Supervisory Control of Nuclear Systems
A significant challenge for making viable SMRs (small modular reactors) is the need to reduce demands for labor-intensive surveillance, testing, and inspection. In this research, we are using advanced control techniques to enable automated online, in-situ monitoring of SMR instrumentation and control components. This will allow engineers to rapidly measure system dynamics and loop processes, and tune these loops to optimize conditions for peak performance. A significant advantage is that these tools can be used during reactor operation to monitor components. This effort includes modeling and control of light-water, moltensalt, and advanced high-temperature reactors, the development of supervisory control to manage multi-unit SMR plants, and advanced decision-making techniques to meet economic and safety objectives.
Cyber Security for Industrial Control Systems
As the industrial internet grows, more industrial systems will be digital, enabling robust and resilient operation of industrial processes, and improved system monitoring, fault tolerance, and data acquisition. To achieve this, I&C systems will include networks that connect systems, and supervisory control will require the transfer of information throughout the control system hierarchy from basic process and safety systems to site command and control to corporate decision making.
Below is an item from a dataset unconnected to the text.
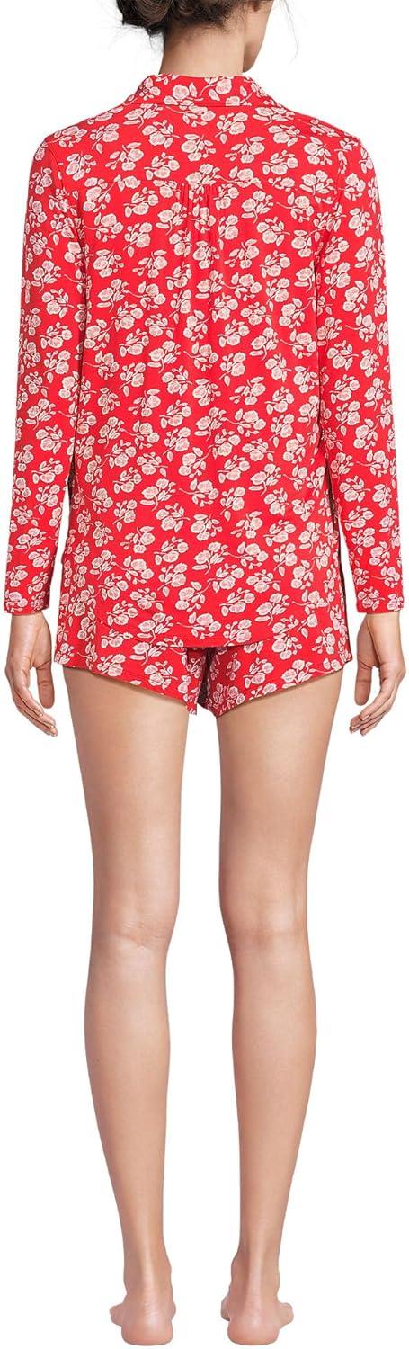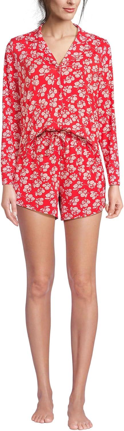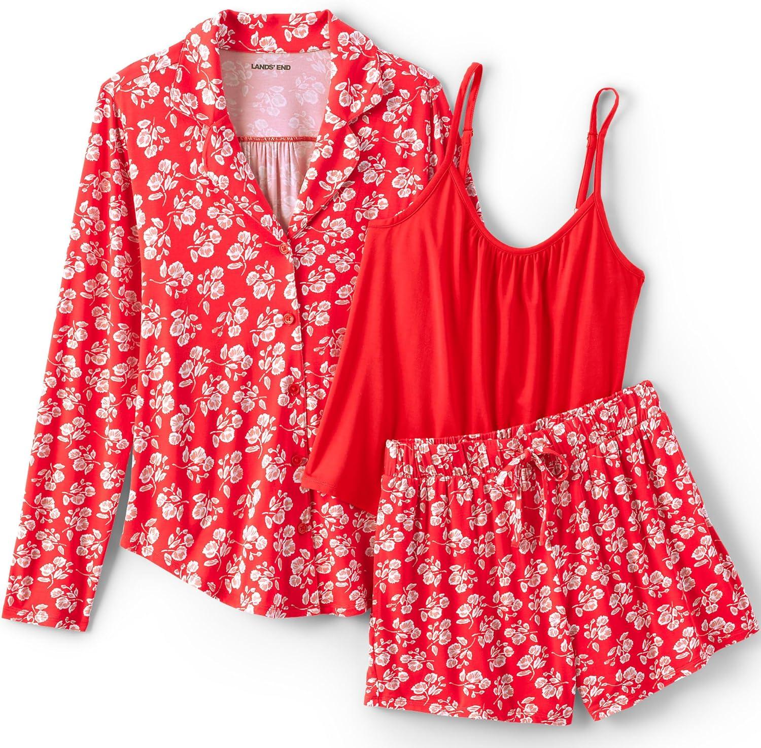 Lands’ End Women’s Cooling 3 Piece Pajama Set – Long Sleeve Top Cami and Shorts(Coral Red Blooms)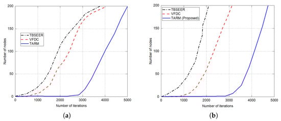 Figure 6a presents the comparison of various approaches in terms of detection rate in percentage while varying the number of nodes. When the network undergoes a high number of detection rounds, the detection rate of the proposed TARM technique to detect the untrustworthy nodes enhances gradually. In Figure 6a, the approaches considered for comparison are VFDC, TEM-MEN, TEC-SFS, and the proposed method. We can see that the rate at which the proposed TARM detects the untrustworthy nodes increases rapidly compared with the TEM-MEN and TEC-SFS, which show a more or less constant increase in the rate of detection. However, TEC-SFS has a good detection rate but the rate of increase of the detection percent in the case of TEC-SFS from zero number of nodes to 200 is not much and it gradually increases at a constant pace. Both TEM-MEN and TEC-SFS show only a 14.6% and 9.5% increase in the rate of detection when starting from the 0th node to 200th node, respectively. At the same time, the TARM offers a 67.6% hike in the enhancement of detection rate from 0 nodes to 200 nodes. TARM has a slightly higher detection rate than the VFDC and TEM-MEN for the maximum number of nodes. Further, it is examined that as the iterations of the moving path enhances, the rate of recognition of trust evaluation correspondingly increases.

These interdependencies presents the possibility of cyber incidents compromising plant safety, security, and emergency preparedness. This research is developing cybersecurity approaches for industrial systems that diagnose and inform decision makers about potential attacks and that provide procedures and protocols to react to such attacks. Specifically, this research will address the challenges unique to the nuclear power enterprise. The research will develop methods and approaches that can rigorously evaluate the vulnerabilities of cyber-physical systems, and will propose tools that can mitigate these vulnerabilities.